The developer of the subdivision or commercial project must purchase an off-site surety bond in order to receive the necessary permits to move ahead with that project. As the party required to purchase the bond, the developer is the “principal” in the surety bond agreement.

While the developer handles the construction of the buildings, municipalities prefer to handle the improvements, to ensure that they meet local codes and are consistent with the same features in other parts of the community. But the cost of making those off-site improvements is the responsibility of the developer. The municipal planning authority requiring the bond is the “obligee” in the surety bond agreement.

How Do They Work?

The company that underwrites and issues the off-site bond is the third party in the surety bond agreement, referred to simply as the “surety.” The surety bond agreement spells out what the developer must do as the principal to avoid a claim being filed against the bond—namely to pay for the off-site improvements that the municipality makes.

If the principal violates any of the terms of the surety bond agreement, the obligee can file a claim against the bond to cover the cost of the improvements. Typically, the surety will try to settle the claim amicably, but if that fails, the surety will go ahead and pay the claim.

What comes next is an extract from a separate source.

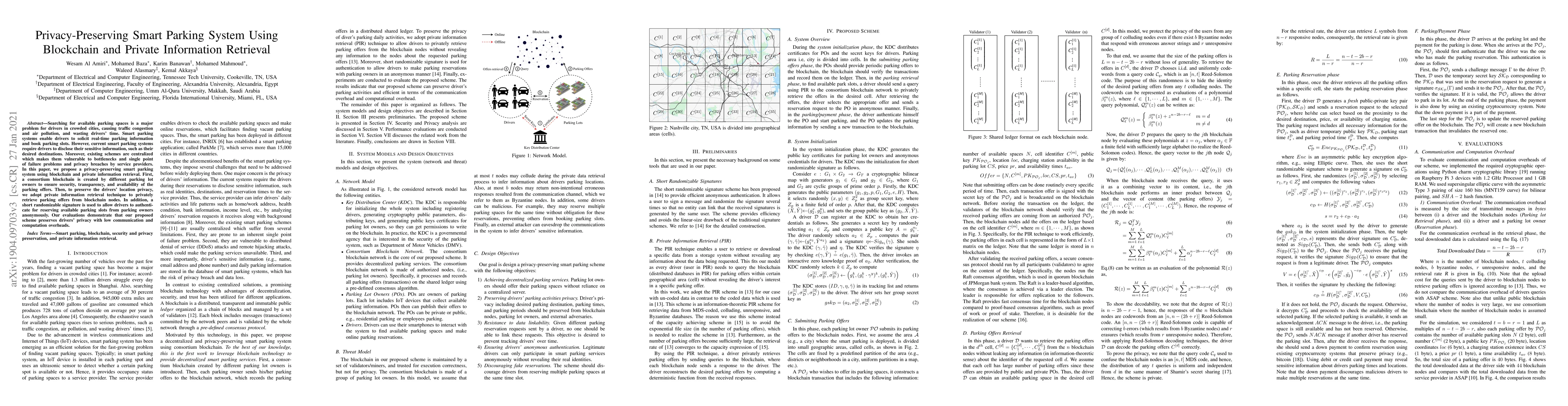 A novel approach combining private information retrieval with blockchain technology was employed to ensure security, transparency, and availability of parking data.

Surety bond agreements include a clause that indemnifies the surety and makes the principal solely responsible for paying claims. So, any payment the surety makes directly to a claimant is in effect an advance, or a short-term loan to the principal. The surety can take legal action against the principal if that’s what it takes to get reimbursed.

What Do They Cost?

The obligee establishes the required bond amount based on the cost of the off-site improvements to be made. But the principal only pays a small portion of that amount as the premium rate. The surety determines the premium rate that the principal must pay to obtain the bond. That determination is based largely on the principal’s personal credit score. The higher the principal’s credit score, the lower the premium rate—as low as 1% to 3% for those whose credit is good enough to qualify for the standard market rate. Those with poor credit may still be able to get bonded, but they may pay a higher premium rate.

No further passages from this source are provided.